WHAT YOU WILL DO
Copy every record verbatim. Leave the pictures out.

----------------

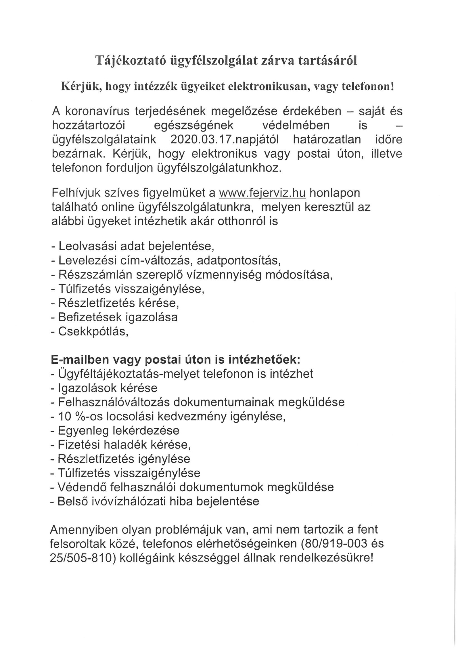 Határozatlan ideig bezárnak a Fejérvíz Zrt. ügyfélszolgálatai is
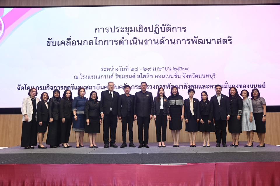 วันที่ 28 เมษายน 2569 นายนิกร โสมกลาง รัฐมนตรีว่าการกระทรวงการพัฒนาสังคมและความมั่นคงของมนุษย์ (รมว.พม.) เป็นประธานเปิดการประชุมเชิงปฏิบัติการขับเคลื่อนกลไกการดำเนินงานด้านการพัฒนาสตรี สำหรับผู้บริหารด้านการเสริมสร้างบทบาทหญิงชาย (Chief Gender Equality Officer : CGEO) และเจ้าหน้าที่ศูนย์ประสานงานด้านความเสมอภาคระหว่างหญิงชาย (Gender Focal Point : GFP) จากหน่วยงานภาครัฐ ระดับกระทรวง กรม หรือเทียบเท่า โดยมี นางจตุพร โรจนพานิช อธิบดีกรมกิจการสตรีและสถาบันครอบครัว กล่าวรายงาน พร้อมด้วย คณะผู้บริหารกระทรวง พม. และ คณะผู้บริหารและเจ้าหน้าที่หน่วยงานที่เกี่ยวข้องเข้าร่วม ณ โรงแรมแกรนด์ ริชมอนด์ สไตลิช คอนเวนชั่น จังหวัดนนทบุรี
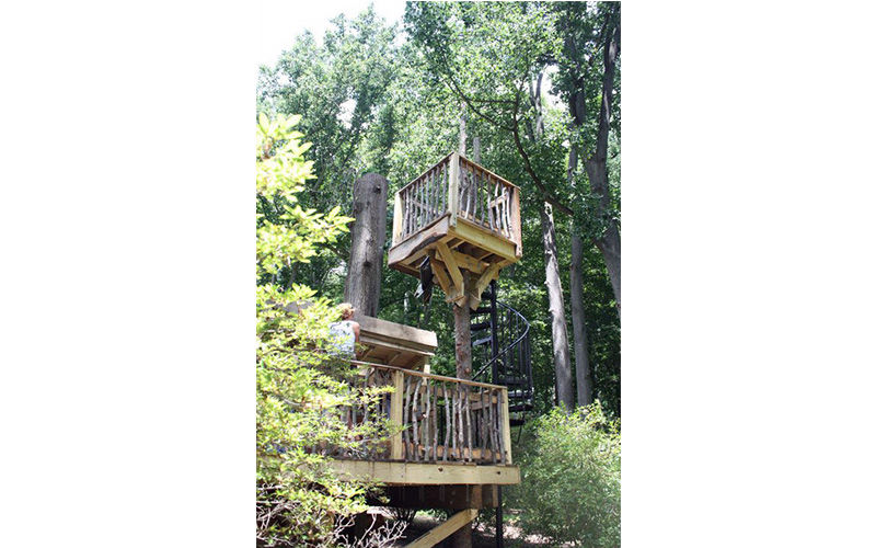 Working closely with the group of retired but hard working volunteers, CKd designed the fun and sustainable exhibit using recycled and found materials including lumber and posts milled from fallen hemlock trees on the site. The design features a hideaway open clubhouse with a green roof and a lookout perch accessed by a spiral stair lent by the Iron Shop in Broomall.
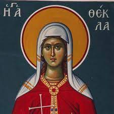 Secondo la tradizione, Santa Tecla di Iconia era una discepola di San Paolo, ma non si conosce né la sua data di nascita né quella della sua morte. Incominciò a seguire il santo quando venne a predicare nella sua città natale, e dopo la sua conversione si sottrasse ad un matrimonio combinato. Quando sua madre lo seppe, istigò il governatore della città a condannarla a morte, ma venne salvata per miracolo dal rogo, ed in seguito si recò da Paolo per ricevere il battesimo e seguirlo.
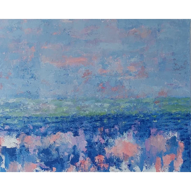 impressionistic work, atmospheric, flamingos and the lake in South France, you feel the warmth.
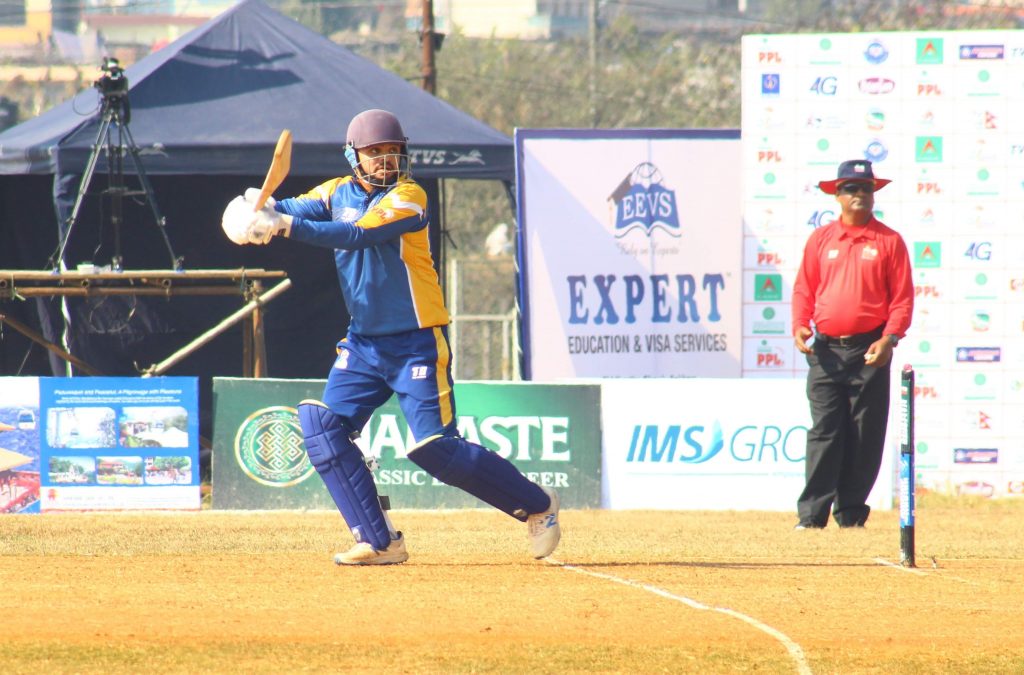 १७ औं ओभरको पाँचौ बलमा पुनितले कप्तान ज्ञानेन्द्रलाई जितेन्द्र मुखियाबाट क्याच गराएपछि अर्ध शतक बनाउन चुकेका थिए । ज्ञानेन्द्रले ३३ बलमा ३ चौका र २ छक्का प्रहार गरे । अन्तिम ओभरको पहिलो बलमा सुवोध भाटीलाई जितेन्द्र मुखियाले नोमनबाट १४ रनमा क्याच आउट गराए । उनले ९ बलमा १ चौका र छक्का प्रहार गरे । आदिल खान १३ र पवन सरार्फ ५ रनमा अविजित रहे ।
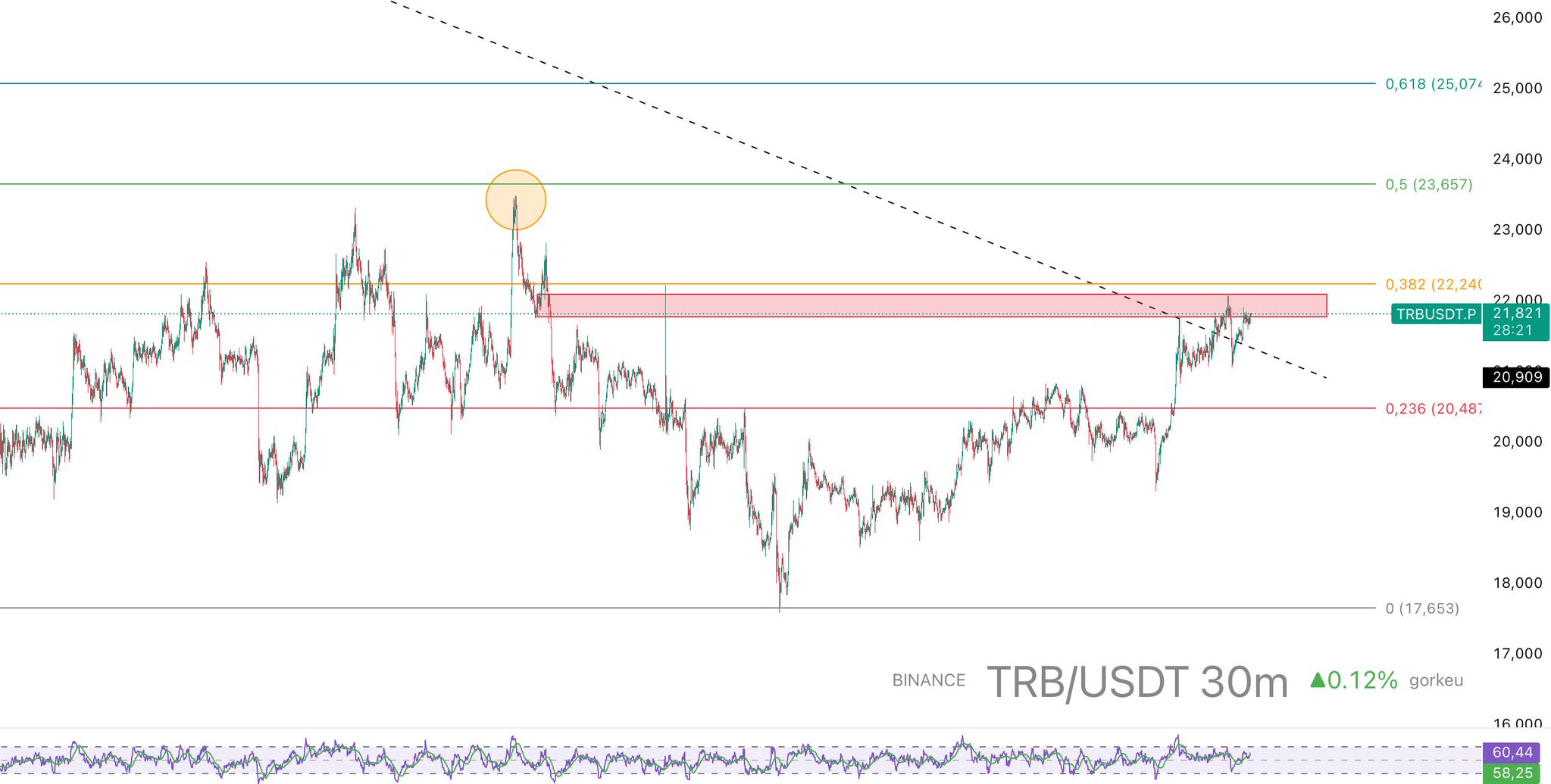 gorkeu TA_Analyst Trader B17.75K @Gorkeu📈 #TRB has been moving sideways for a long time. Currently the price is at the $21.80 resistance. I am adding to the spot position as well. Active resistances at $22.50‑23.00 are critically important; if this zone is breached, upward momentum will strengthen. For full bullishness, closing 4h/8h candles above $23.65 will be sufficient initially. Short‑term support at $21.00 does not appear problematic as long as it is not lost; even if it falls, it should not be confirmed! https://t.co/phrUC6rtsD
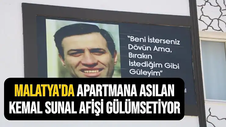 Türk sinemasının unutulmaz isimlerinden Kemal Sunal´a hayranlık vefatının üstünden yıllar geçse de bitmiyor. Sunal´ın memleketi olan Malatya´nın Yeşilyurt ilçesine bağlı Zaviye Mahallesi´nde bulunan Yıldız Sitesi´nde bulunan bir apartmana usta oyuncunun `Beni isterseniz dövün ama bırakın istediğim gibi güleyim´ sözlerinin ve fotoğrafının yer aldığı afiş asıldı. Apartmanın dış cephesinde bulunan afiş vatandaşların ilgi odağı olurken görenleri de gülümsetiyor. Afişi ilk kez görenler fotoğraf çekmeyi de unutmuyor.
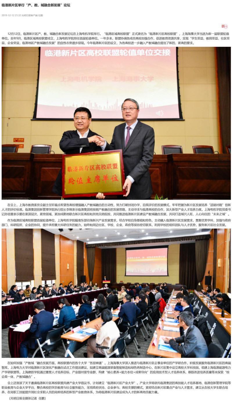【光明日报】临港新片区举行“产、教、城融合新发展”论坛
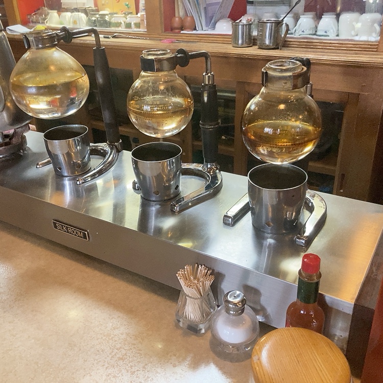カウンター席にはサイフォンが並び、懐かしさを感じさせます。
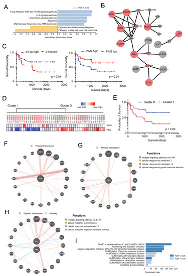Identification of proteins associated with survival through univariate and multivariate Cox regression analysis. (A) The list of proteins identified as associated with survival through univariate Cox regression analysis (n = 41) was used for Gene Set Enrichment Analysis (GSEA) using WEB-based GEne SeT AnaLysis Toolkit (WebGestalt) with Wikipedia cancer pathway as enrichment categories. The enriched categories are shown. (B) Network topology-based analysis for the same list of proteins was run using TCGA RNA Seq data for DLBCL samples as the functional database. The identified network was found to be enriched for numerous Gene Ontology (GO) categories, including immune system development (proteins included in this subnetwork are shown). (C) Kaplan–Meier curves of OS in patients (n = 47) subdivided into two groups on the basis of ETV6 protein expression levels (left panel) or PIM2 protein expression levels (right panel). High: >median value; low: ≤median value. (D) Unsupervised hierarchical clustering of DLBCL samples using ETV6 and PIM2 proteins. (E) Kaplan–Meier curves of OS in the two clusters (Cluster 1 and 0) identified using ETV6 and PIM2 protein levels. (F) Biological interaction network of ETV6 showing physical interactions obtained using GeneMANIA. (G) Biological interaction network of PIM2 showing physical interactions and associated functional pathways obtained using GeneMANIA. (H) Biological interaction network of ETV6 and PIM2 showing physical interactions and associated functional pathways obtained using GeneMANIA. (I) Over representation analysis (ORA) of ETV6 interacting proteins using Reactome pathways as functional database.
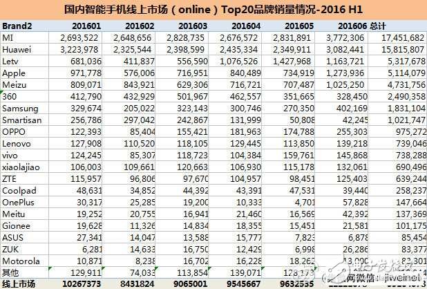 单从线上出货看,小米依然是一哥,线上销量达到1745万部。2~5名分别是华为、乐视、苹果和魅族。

----------------

RESULT OF THIS EXERCISE
 Határozatlan ideig bezárnak a Fejérvíz Zrt. ügyfélszolgálatai is
 วันที่ 28 เมษายน 2569 นายนิกร โสมกลาง รัฐมนตรีว่าการกระทรวงการพัฒนาสังคมและความมั่นคงของมนุษย์ (รมว.พม.) เป็นประธานเปิดการประชุมเชิงปฏิบัติการขับเคลื่อนกลไกการดำเนินงานด้านการพัฒนาสตรี สำหรับผู้บริหารด้านการเสริมสร้างบทบาทหญิงชาย (Chief Gender Equality Officer : CGEO) และเจ้าหน้าที่ศูนย์ประสานงานด้านความเสมอภาคระหว่างหญิงชาย (Gender Focal Point : GFP) จากหน่วยงานภาครัฐ ระดับกระทรวง กรม หรือเทียบเท่า โดยมี นางจตุพร โรจนพานิช อธิบดีกรมกิจการสตรีและสถาบันครอบครัว กล่าวรายงาน พร้อมด้วย คณะผู้บริหารกระทรวง พม. และ คณะผู้บริหารและเจ้าหน้าที่หน่วยงานที่เกี่ยวข้องเข้าร่วม ณ โรงแรมแกรนด์ ริชมอนด์ สไตลิช คอนเวนชั่น จังหวัดนนทบุรี
 Working closely with the group of retired but hard working volunteers, CKd designed the fun and sustainable exhibit using recycled and found materials including lumber and posts milled from fallen hemlock trees on the site. The design features a hideaway open clubhouse with a green roof and a lookout perch accessed by a spiral stair lent by the Iron Shop in Broomall.
 Secondo la tradizione, Santa Tecla di Iconia era una discepola di San Paolo, ma non si conosce né la sua data di nascita né quella della sua morte. Incominciò a seguire il santo quando venne a predicare nella sua città natale, e dopo la sua conversione si sottrasse ad un matrimonio combinato. Quando sua madre lo seppe, istigò il governatore della città a condannarla a morte, ma venne salvata per miracolo dal rogo, ed in seguito si recò da Paolo per ricevere il battesimo e seguirlo.
 impressionistic work, atmospheric, flamingos and the lake in South France, you feel the warmth.
 १७ औं ओभरको पाँचौ बलमा पुनितले कप्तान ज्ञानेन्द्रलाई जितेन्द्र मुखियाबाट क्याच गराएपछि अर्ध शतक बनाउन चुकेका थिए । ज्ञानेन्द्रले ३३ बलमा ३ चौका र २ छक्का प्रहार गरे । अन्तिम ओभरको पहिलो बलमा सुवोध भाटीलाई जितेन्द्र मुखियाले नोमनबाट १४ रनमा क्याच आउट गराए । उनले ९ बलमा १ चौका र छक्का प्रहार गरे । आदिल खान १३ र पवन सरार्फ ५ रनमा अविजित रहे ।
 gorkeu TA_Analyst Trader B17.75K @Gorkeu📈 #TRB has been moving sideways for a long time. Currently the price is at the $21.80 resistance. I am adding to the spot position as well. Active resistances at $22.50‑23.00 are critically important; if this zone is breached, upward momentum will strengthen. For full bullishness, closing 4h/8h candles above $23.65 will be sufficient initially. Short‑term support at $21.00 does not appear problematic as long as it is not lost; even if it falls, it should not be confirmed! https://t.co/phrUC6rtsD
 Türk sinemasının unutulmaz isimlerinden Kemal Sunal´a hayranlık vefatının üstünden yıllar geçse de bitmiyor. Sunal´ın memleketi olan Malatya´nın Yeşilyurt ilçesine bağlı Zaviye Mahallesi´nde bulunan Yıldız Sitesi´nde bulunan bir apartmana usta oyuncunun `Beni isterseniz dövün ama bırakın istediğim gibi güleyim´ sözlerinin ve fotoğrafının yer aldığı afiş asıldı. Apartmanın dış cephesinde bulunan afiş vatandaşların ilgi odağı olurken görenleri de gülümsetiyor. Afişi ilk kez görenler fotoğraf çekmeyi de unutmuyor.
【光明日报】临港新片区举行“产、教、城融合新发展”论坛
カウンター席にはサイフォンが並び、懐かしさを感じさせます。
Identification of proteins associated with survival through univariate and multivariate Cox regression analysis. (A) The list of proteins identified as associated with survival through univariate Cox regression analysis (n = 41) was used for Gene Set Enrichment Analysis (GSEA) using WEB-based GEne SeT AnaLysis Toolkit (WebGestalt) with Wikipedia cancer pathway as enrichment categories. The enriched categories are shown. (B) Network topology-based analysis for the same list of proteins was run using TCGA RNA Seq data for DLBCL samples as the functional database. The identified network was found to be enriched for numerous Gene Ontology (GO) categories, including immune system development (proteins included in this subnetwork are shown). (C) Kaplan–Meier curves of OS in patients (n = 47) subdivided into two groups on the basis of ETV6 protein expression levels (left panel) or PIM2 protein expression levels (right panel). High: >median value; low: ≤median value. (D) Unsupervised hierarchical clustering of DLBCL samples using ETV6 and PIM2 proteins. (E) Kaplan–Meier curves of OS in the two clusters (Cluster 1 and 0) identified using ETV6 and PIM2 protein levels. (F) Biological interaction network of ETV6 showing physical interactions obtained using GeneMANIA. (G) Biological interaction network of PIM2 showing physical interactions and associated functional pathways obtained using GeneMANIA. (H) Biological interaction network of ETV6 and PIM2 showing physical interactions and associated functional pathways obtained using GeneMANIA. (I) Over representation analysis (ORA) of ETV6 interacting proteins using Reactome pathways as functional database.
 单从线上出货看,小米依然是一哥,线上销量达到1745万部。2~5名分别是华为、乐视、苹果和魅族。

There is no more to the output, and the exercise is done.